За несколько недель до ее рождения я собрал свои вещи и уехал жить к другу, не обращая внимания на увещевания отца. Вскоре я поступил на филологический факультет, и мне предоставили комнату в общежитии студенческого городка в Экс-ан-Прованс. Я охотно уехал и старался возвращаться в Марсель как можно реже.
Брат отнесся к папиному браку более спокойно и изредка навещал «молодоженов», но у него была своя жизнь, поэтому пересекались мы нечасто.
Однажды, поддавшись отцовским просьбам, я решил переступить через себя. Купил большого плюшевого медведя, усадил его на пассажирское кресло своей старенькой «Рено» и отправился знакомиться с Лолой, которой на тот момент исполнилось шесть. Приехав, я остановился на обочине перед их домом, заглушил мотор, но вместо того, чтобы выйти из машины, открыл окно и зажег сигарету. Папа увидел меня первым. Он подошел ко мне, открыл дверцу, вытащил медведя и усадил его на тротуар, а сам сел на его место.
– Не знал, что ты куришь.
– Да, пап, уже давно.
– Я тоже курил в твоем возрасте, но, когда родился твой брат, бросил.
– Неправда. Я не раз видел два огонька в темноте, когда вы с мамой по вечерам выходили на балкон.
– Я не знал, что ты за нами подглядывал.
– Я не подглядывал. Просто дети знают намного больше, чем думают родители. Как бы то ни было, вряд ли я когда-нибудь брошу.
– Никогда не говори никогда. Пойдем в дом, девочки ждут нас. Делия приготовила твое любимое рагу из курицы.
«Девочки» – это ласковое слово почему-то больно кольнуло душу. Отец всеми силами старался совместить две параллельные вселенные, наверняка сам понимая, что его попытки обречены. Мне стало его жаль.
– Ты счастлив? – спросил я.
– Знаешь, счастье – понятие относительное, – помолчав, ответил он. – Можно проснуться счастливым, а к концу дня чувствовать себя несчастным. Тот, кто утверждает, что всецело счастлив или несчастен – либо врет, либо дурак. Непростое это занятие – строить счастье. Это как круглосуточная работа без гарантии зарплаты. А вообще, я понял, что замыкаться в горе и жалости к себе гораздо проще, чем найти силы радоваться простым вещам. Никто не отнимет у меня прошлого, и мне до сих пор бывает больно. Однако, как говорится, даже на самых почерневших углях можно разжечь новый костер.
– Значит, обрюхатить увядающую соседку – твоя лепта в то, чтобы сделать мир прекраснее? – бросил я и тут же пожалел о своих словах.

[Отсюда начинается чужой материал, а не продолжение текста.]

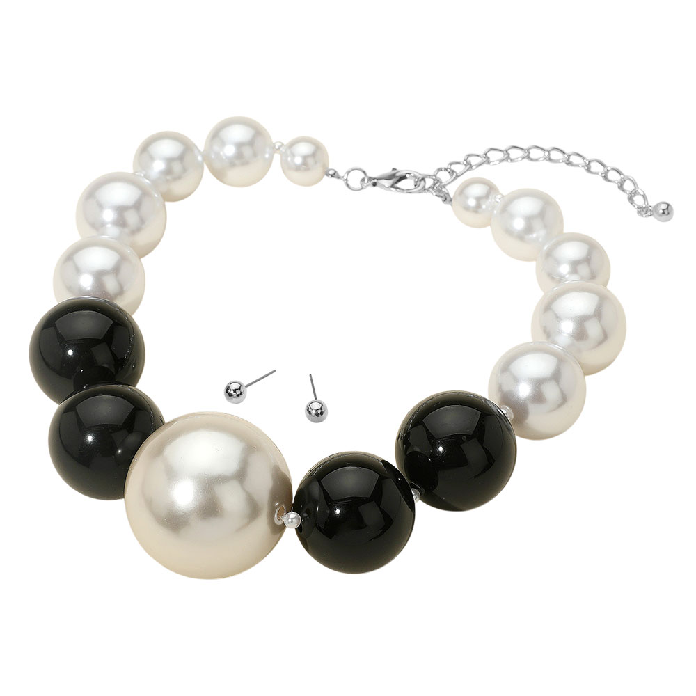 Details • Necklace Size : 16.5" + 3" L • Decor Size : 1.5" L • Earrings Size : 0.25" L • Elevate any look with this bold necklace and stud earring set featuring an eye-catching mix of contrasting oversized and graduated beads. A versatile, modern, and elegant accessory that transitions seamlessly from day to night, perfect for parties, weddings, or special occasions. • Lead and Nickel Compliant

Вместо ответа отец спросил:
– А ты счастлив, Поль?
– Да, наверное. Похоже, я скоро женюсь.
– Вот это новость! Я очень рад за тебя. А помнишь, как ты уверял, что никогда не женишься?
– Я так и знал, что ты об этом напомнишь.
– Тебе тогда было пятнадцать лет, и я не воспринял твои слова всерьез.
– Мало что исходящее от меня ты когда-либо воспринимал всерьез, – не сдержал я сарказм.
– Зря ты так думаешь. Я всегда уважал тебя за твою зрелость. И кто же твоя избранница?
– Она та, кто всегда будет для меня единственной, что бы ни случилось.
Отец вздохнул и вышел из машины, громко захлопнув за собой дверь. Я завел мотор и двинулся вперед, сквозь слезы глядя в боковое зеркало на удаляющегося одинокого медведя на тротуаре.
7
Я жал на педаль газа с большей силой, чем следовало, будто стараясь скрыться от невидимой погони. Рядом со мной Лорен сонным взглядом ловила мерцающие в окне фонари. Из нас двоих я оказался самым трезвым, поэтому вождение по пустынным ночным улицам досталось мне. Разогнать немолодую черную «Тойоту» до предела было одной из немногих пародий на экстрим, которые я себе позволял в своем до смешного ровном существовании.
Свернув с улицы Карлавеген, я поехал по Уденгатан, оставив позади рыжий купол Центральной библиотеки. Я мысленно прошелся по ее коридорам, которые знал, как свои пять пальцев. Светофор на пересечении Карлбергсвеген и Санкт-Эриксгатан показался мне нескончаемо долгим, и я чуть было не уснул, пока ждал зеленый свет. Словно десятки пар незрячих глаз, со всех сторон за нами наблюдали черные прямоугольники окон. Обычно я любил этот перекресток за его шумное движение, но в такой поздний час он выглядел как никогда тоскливо, и мне не терпелось скорее оказаться в нашем квартале.